Joel Rosenthal, JJL Process Corp.

Joel Rosenthal,
JJL Process Corp.

About a year ago I had the opportunity to speak about process serving at an industry legal conference.  The first slide in my deck was a drawing of a horse.  I asked the audience how many used a process server who delivers documents by horse.  Of course no one raised their hand.  My next slide was a picture of a smart phone and I asked how many use a process server who has smart phone field technology deployed.  A few hands went up but not more than 10-15% of the room.

I explained that the smart phone and associated web browser technology were the first wave of new technology in process serving in nearly a century when Scott Levine (president of JJL Process) introduced them several years ago.  The first since the automobile replaced the horse as the primarily method of transportation for process servers.  I commented that five years from now, 95% of the law firms in the room will be using a process server who has smart phone and web browser technology.

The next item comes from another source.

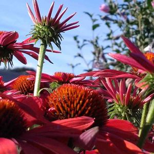 おはようございます😄… 大好きな エキナセア(パウワウ)さんが いっぱい咲いてくれました😋… 可愛いい イガグリ頭に接近して pic…👀📸✨… やっぱり夏の花てすね… 青空が似合います🤗💓

Process serving companies can be divided into two groups – those that are embracing the new technology and those that fight it.  Those that embrace it have deployed smart phone and web browser technology to create a complete and instantaneous electronic circle between the process servers in the field, the process serving company and the law firm.  This allows for some amazing innovations:

-Real-time transparent information shared with law firm clients via password-protected web-based portals (rather than secret information only known to the process serving company).

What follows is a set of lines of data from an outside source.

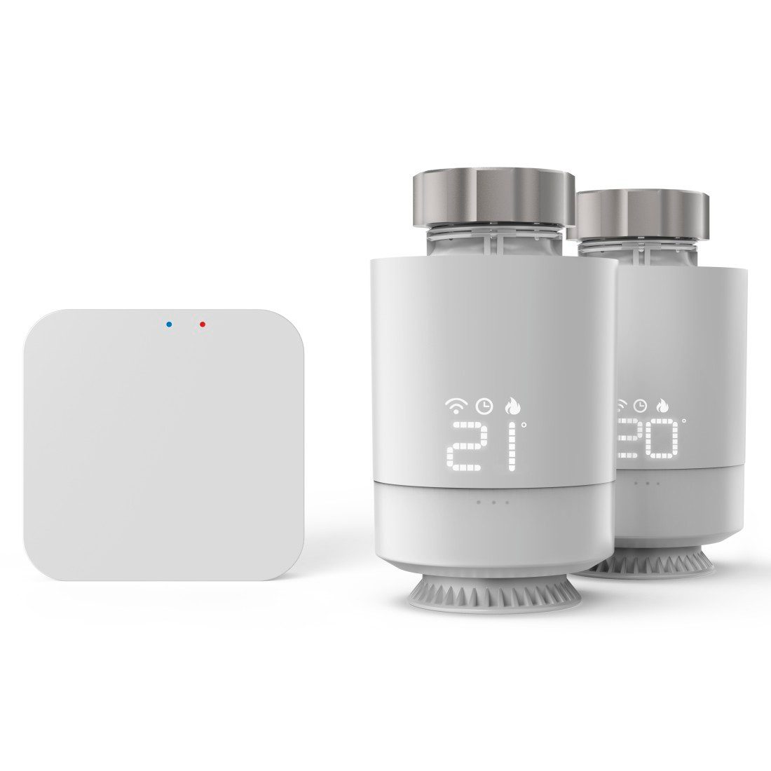 Lieferumfang: 1 Smart-Home-Heizkörperthermostat, 1 Zentrale, 1 Netzteil, 1 Micro-USB-Kabel, 4 Batterien AA Mignon, 2 Adapter-Sets, 1 Schnellstartanleitung, 1 Sicherheitshinweise
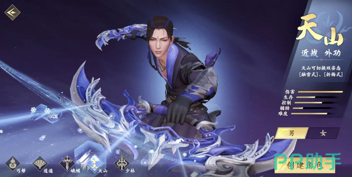 第二个给玩家带来的就是天山派,天山派在游戏当中是一个输出职业,同时他也是一个刺客型的角色,他可以隐身靠近敌人,对敌人使出致命一击,同时一瞬间的爆发伤害也是非常高的,他的机动性也很强,也是十分灵活的。
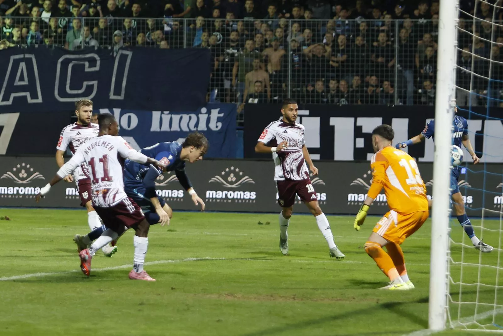 U 64. minuti zatresla se mreža bordo tima. Cimirot gubi loptu na sredinu, Erick je krenuo prema golu Sarajeva i šutirao. Pogodio je nebranjeni dio mreže gola Mušije i Grbavica je eksplodirala.
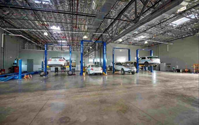The service center features three heavy vehicle pull-through bays and 12 light vehicle bays.
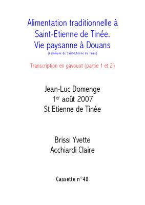 Alimentation traditionnelle à Saint-Etienne-de-Tinée - Vie paysanne à Douans - TRANSCRIPTION de la cassette n° 48 (partie 1 et 2)

-GPS-verified, time/date stamped smart phone photos of every service attempt evidencing the service location at time of service (rather than having no independent evidence).

-Feasibility scoring of the time between each service attempt to identify unrealistic over-performance and cross-checking that all server attempts are within legal days and hours (rather than running the risk of unfeasible potentially “sewer service” routes or illegal hours for service).

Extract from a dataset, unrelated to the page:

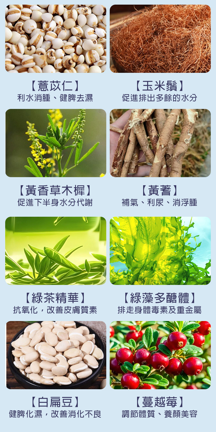 Ingredients : Coix seed extract, Corn silkextract, Melilot extract, Astragalus extract, Gree Tea extract, Chlorella,White Hyacinth Bean, Cranberry, magnesium stearate (anti-caking agent), gelatincapsule
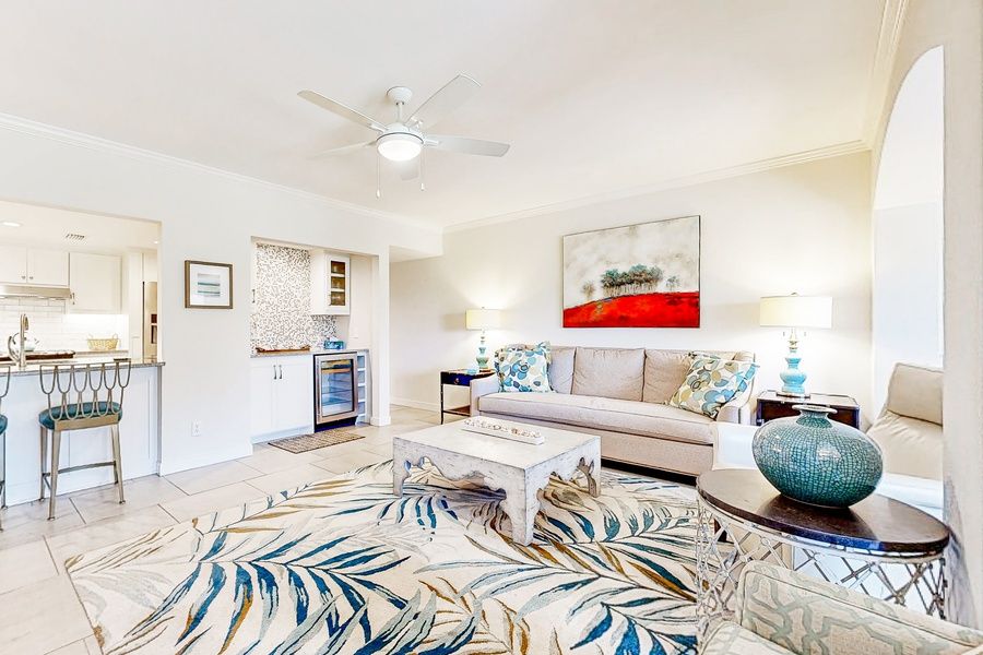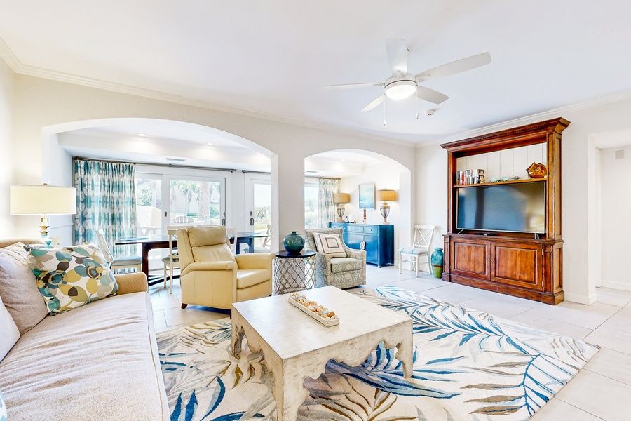 Experience the ultimate beach getaway at this stunning ground-floor condo located in the secluded and quiet oceanfront Windsong Villas! When you book this splendid escapade, you are granted access to the beautiful Windsong outdoor pool and a secluded beachfront, which is steps away. Discover scenic walking and biking trails on and off the Plantation. There are numerous shopping and dining options in this area as well, and the Nature Center offers plenty of entertaining amenities and family activities. Aury Island and Drummond Point Park offer a variety of activities and a greenspace to play. Historic Fernandina Beach is just a short 10-mile drive to the north end of the island and is the second oldest town in the country. It boasts many wonderful restaurants and shops, and the nightlife is entertaining and suitable for both young adults and families. Upon entering, discover a spacious open floor plan that makes this home away from home perfect for families with children. Spread out comfortably in the welcoming living room with a built-in bar and wine fridge and a smart TV with streaming and cable services to keep you all entertained during your stay. When mealtime comes around, surprise your loved ones with exquisite homemade meals prepared in the condo's completely renovated kitchen with new cabinets, granite countertops, and stainless steel appliances. The living area and main bedroom open to a grassy lawn with impressive views of the Atlantic Ocean and a private patio with outdoor dining. Additional perks include TVs in all bedrooms, a washer/dryer. Things to Know Golf cart available for a nightly fee, must be rented for entire stay.

-Increased good service percentages by mandating the best practices of the top field servers such as casting a wide net with morning, afternoon, evening and weekend attempts (rather than going to the same place on the same day and time).

-Daily electronic updates sent to law firm offices eliminating the need for manual data entry of court date and service information — saves time, money and reduces errors.

-All good serves entered into smart phones apps by process servers immediately relayed to the law firm by the process server’s mainframe (rather than finding out sometimes days later that a defendant has been served).

-Beyond all of these innovations, the new technology has very positive compliance implications, but that is for my next blog posting.

We started off with the horse and ended with some of the amazing developments in new process serving technology.  What does a horse have to do with process serving?